What I have seen here is head injured patients with GCS 4 who don't get intubated for 45 minutes and keep breathing; comatose patients who wait an hour for a head CT; hypotensive patients who don't get fluids for 20 minutes and don't die; babies with cap refill ~8 seconds who wait 40 minutes for a fluid and bolus, and so forth. They are things that in the USA we get very excited about and start running around to get stuff done, but in reality most things can wait.

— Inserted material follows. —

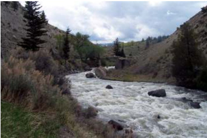
The Trail runs next to the Yellowstone River near Yankee Jim Canyon

As Obama would say, let me be clear: I don't think this system is ideal, but it has given me a good deal of perspective on what is an emergency and what is not.
So since I'm over here moving at the speed of Addis I decided to come up with a list of SECONDS-MATTER EMERGENCIES: things in medicine that cannot under any circumstances wait even 30 seconds. I did not include things that must happen cognitively very fast (i.e. cric) but only those that must be in-progress or done in a matter or a few seconds.
- Defibrillation
- Control of arterial hemorrhage
- Decompression of tension pneumothorax
That’s about it, I think.
-MJP
from seth:
This gets at the main thrust behind the “don’t just do something- stand there” philosophy — don't spin your wheels unnecessarily. Seconds-matter emergencies are great opportunities to really help people; it just saddens me when people (routinely) focus on the wrong things — running around like the patient’s going to die in the next 10 seconds unless we push labetalol on the asymptomatic patient at 180/100; or pushing lasix on the APE patient instead of the NIV mask.